Rahdayo stood after a time, putting a hand through his hair and shaking the excess water off. Moss was surprised at how long he had been able to endure water. Talyrians, and costs in general, hated water. Perhaps it was the more humanoid part of him? As he began to grab his things, Teefee spun and went over to him, before placing a kiss on his cheek. Rah froze as Teefee giggled, running off in the wrong direction.

Once more Rah blushed, turning red as Zafrina walked over to him.

“You'll comb my hair tonight?” It was a question but more of a demand. Moss rolled her eyes. For someone who had forsaken children, she somehow ended up with three teenagers.

“Talk as we walk.” Moss chided and began walking in the opposite direction of the catgirl. “Teefee!” She shouted and the cat changed course. In a moment she was beside Moss, walking backwards to face her. “You owe me you know.” Moss said to her.
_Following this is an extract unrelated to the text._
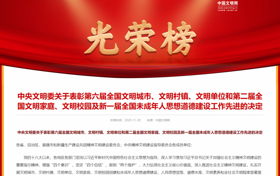 11月20日,《中央文明委關于表彰第六屆全國文明城市、文明村鎮(zhèn)、文明單位和第二屆全國文明家庭、文明校園及新一屆全國未成年人思想道德建設工作先進的決定》正式公布。
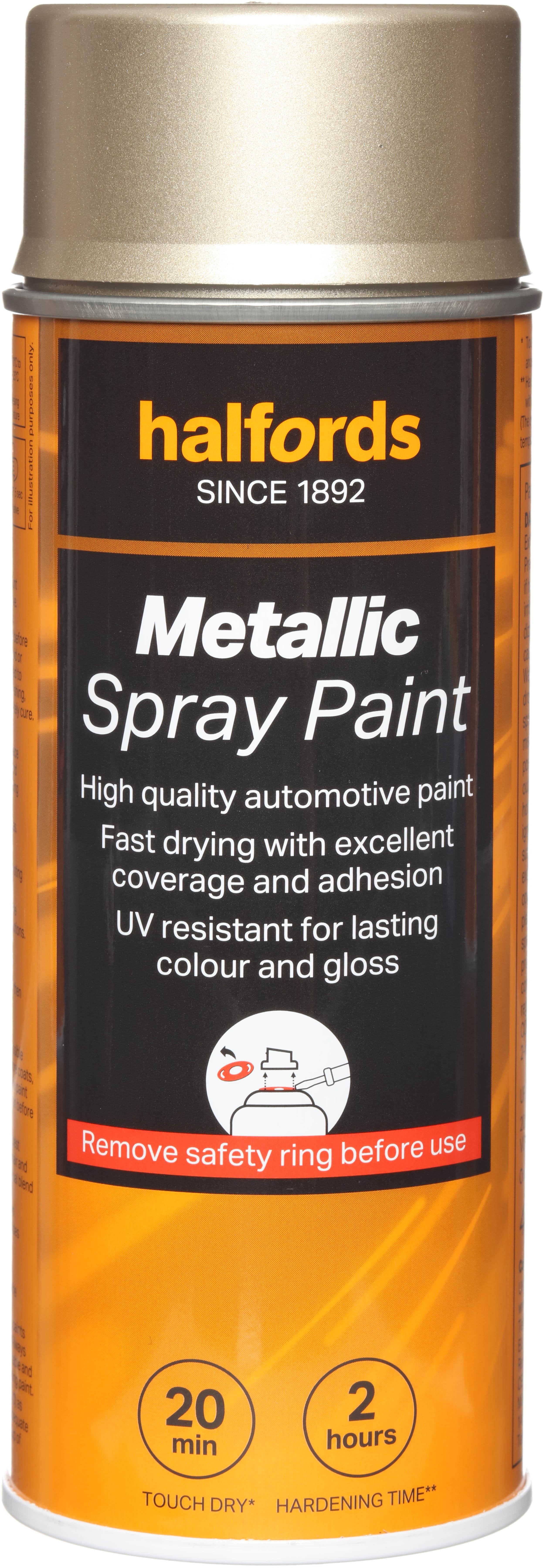 The Halfords Gold Metallic Spray Paint is an automotive-grade spray paint. It’s acrylic-based, and can be used on almost all vehicle finishes as well as steel, aluminium, most plastics, wood & stone.

“But mistresssss.” She began to whine, a pouty look on her face.

“No buts. We add it to your debt as usual. Looks like you're sticking around even longer.” The goblin grinned.
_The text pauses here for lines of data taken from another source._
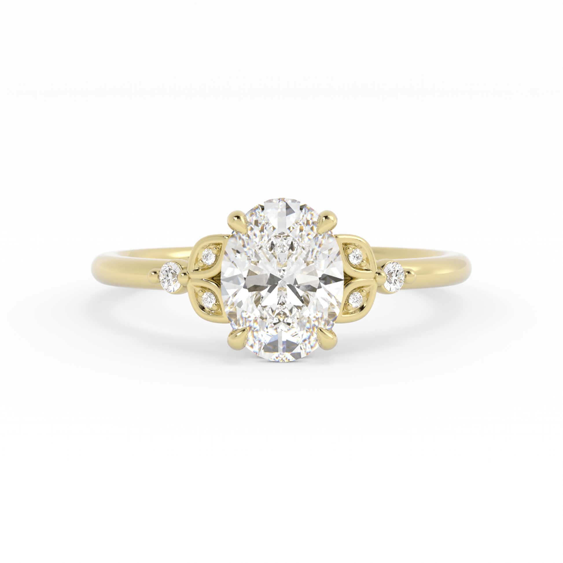 Romantic and refined, this engagement ring features an oval center stone set with four claw prongs in a graceful basket setting. On each side, two round accent stones are framed by delicate metal walls shaped like leaves, meeting at a third round stone where the design converges. Finished with a dainty band, this nature-inspired setting offers a soft, organic elegance with timeless charm.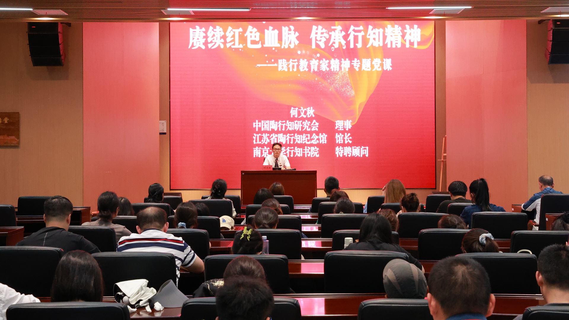 接着,南京晓庄探花porn 陶行知研究院党支部书记、江苏省陶行知纪念馆馆长何文秋,以其深厚的学术功底和丰富的实践经验,为大家带来了一场主题为“赓续红色血脉,传承行知精神”的专题党课。何文秋从陶行知先生“捧着一颗心来,不带半根草去”的教育誓言出发,系统解读了陶行知教育思想的核心要义,深入剖析了“生活即教育”“社会即学校”“教学做合一”三大理念的实践价值。他特别指出,陶行知先生的廉洁奉公、生活简朴精神,与新时代师德师风建设高度契合,是全体党员教师学习的典范。他呼吁全体党员教师以行知精神为镜,严守职业操守,杜绝教育腐败。他引用陶行知名言“千教万教教人求真,千学万学学做真人”,勉励教师们“以真为魂,以廉为基”,做学生成长路上的引路人。何文秋的党课内容丰富、思想深刻,使在场的每一位党员都深受启发。
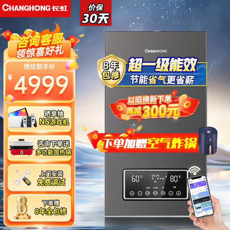 长虹(CHANGHONG)燃气壁挂炉家用供暖淋浴一级能效冷凝式节能省气APP智控暖气片地暖恒温LL1PBD24-C6价格:4999.00元!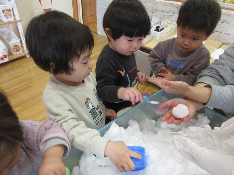 あったかい部屋の中に雪を持ってきて、雪あそびが始まりました。そっと手を伸ばして雪に触れ「つめたーい!」の声。だんだん慣れてくると、ぎゅっと握ったり、カップにつめてかき氷やさんになったり…。また別の日には、園庭でも雪あそび。お友だちと一緒におなべに雪をいっぱい入れて「ごはんだよ」「はいどうぞ」とお料理をしていました。

Teefee folded her arms and huffed. “Once we get to Teefee’s homeland, mistress will be paid and Teefee will be free! Mistress will see. Then Teefee will get to see big sis Shah and papa Kah! Mama Imara will have been worried and all the others will ooo and aww at Teefee's tales!” She outstretched her arms and spun on her heels. “Then Teefee will be sold into marriage and have a family of her own! Mistress will see!” She had an aura of triumph about her.

Moss was about to point out that being sold into a marriage wasn't very free but thought better of it. Would the girl even understand? Moss grimaced as Teefee caught herself from falling. Just from walking. Gods be praised she found her when she did, otherwise Teefee's tales would have been cut very short.

So instead she said, “Whatever you say, Teefee.” Then a mischievous thought popped into her head, “But,” She smiled widely as Teefee looked at her, “But what about Rahdayo?” She half whispered, glancing at the two siblings behind them. They seemed to be in deep discussion about something.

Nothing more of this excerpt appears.